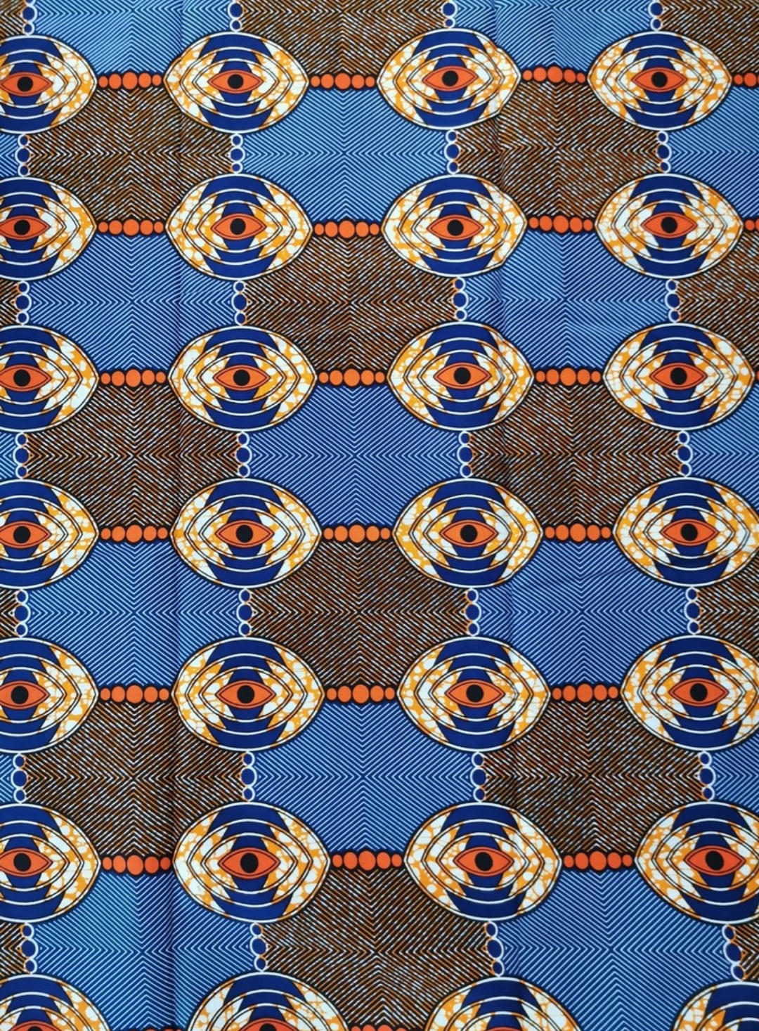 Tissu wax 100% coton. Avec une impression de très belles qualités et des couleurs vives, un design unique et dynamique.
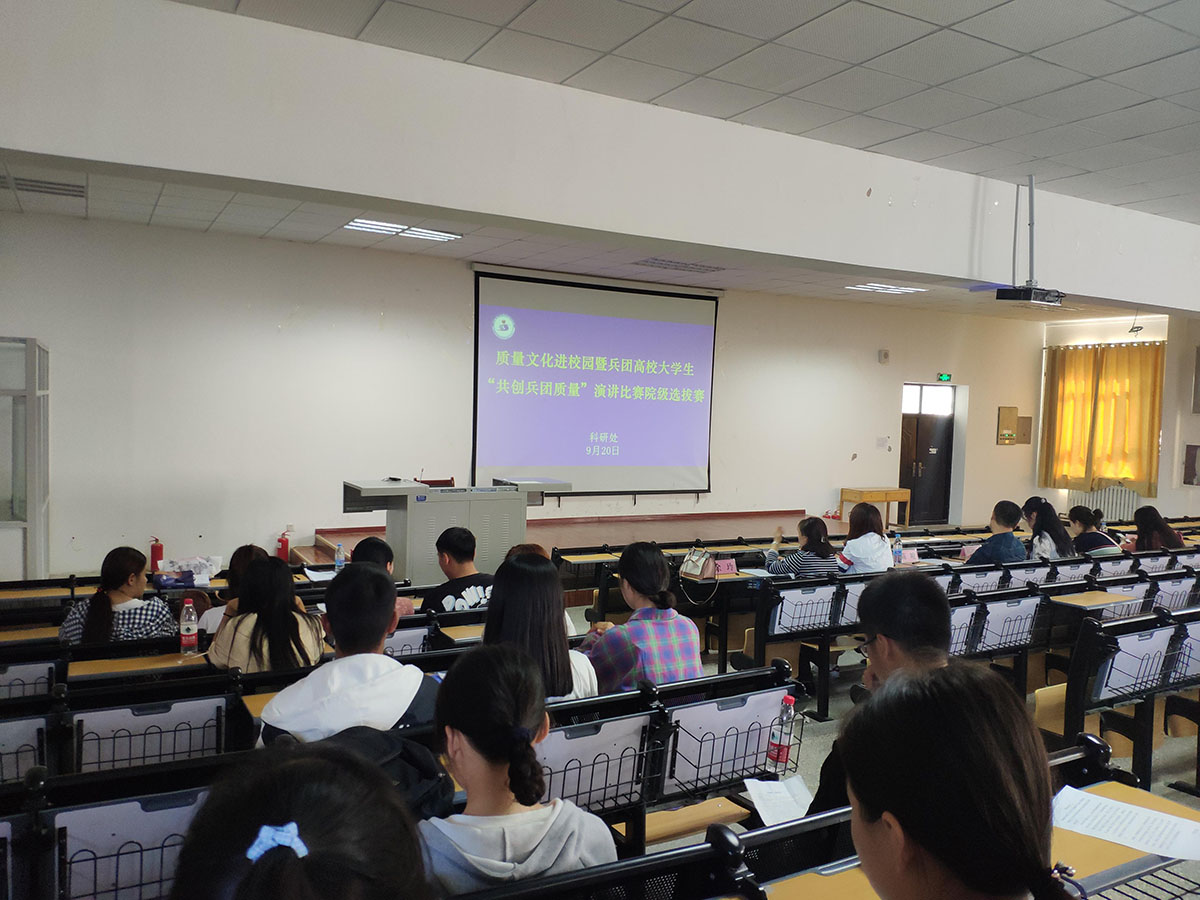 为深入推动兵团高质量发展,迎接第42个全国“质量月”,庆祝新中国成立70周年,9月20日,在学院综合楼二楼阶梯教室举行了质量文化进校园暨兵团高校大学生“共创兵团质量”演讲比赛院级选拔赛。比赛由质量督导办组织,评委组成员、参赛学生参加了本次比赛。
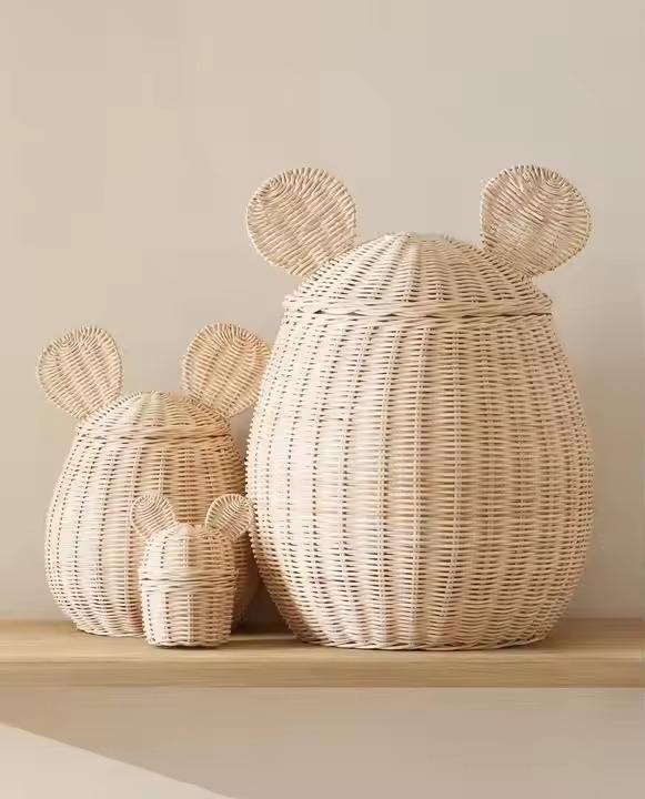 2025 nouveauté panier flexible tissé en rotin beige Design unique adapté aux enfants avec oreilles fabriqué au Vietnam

* * *

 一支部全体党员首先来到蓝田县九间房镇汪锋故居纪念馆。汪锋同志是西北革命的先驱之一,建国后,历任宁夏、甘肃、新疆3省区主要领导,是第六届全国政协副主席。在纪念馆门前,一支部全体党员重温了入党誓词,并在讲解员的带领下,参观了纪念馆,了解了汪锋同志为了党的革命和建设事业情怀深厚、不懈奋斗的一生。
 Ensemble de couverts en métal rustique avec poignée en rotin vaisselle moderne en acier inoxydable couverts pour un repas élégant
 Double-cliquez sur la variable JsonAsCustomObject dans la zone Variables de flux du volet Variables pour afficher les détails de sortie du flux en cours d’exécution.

**BRIEF**: Going back to the data above, write out everything from the line with "为深入推动兵团高质量发展,迎" down to the line with "2025 nouveauté panier", both included, leaving every picture out.

**RESPONSE**:
 为深入推动兵团高质量发展,迎接第42个全国“质量月”,庆祝新中国成立70周年,9月20日,在学院综合楼二楼阶梯教室举行了质量文化进校园暨兵团高校大学生“共创兵团质量”演讲比赛院级选拔赛。比赛由质量督导办组织,评委组成员、参赛学生参加了本次比赛。
 2025 nouveauté panier flexible tissé en rotin beige Design unique adapté aux enfants avec oreilles fabriqué au Vietnam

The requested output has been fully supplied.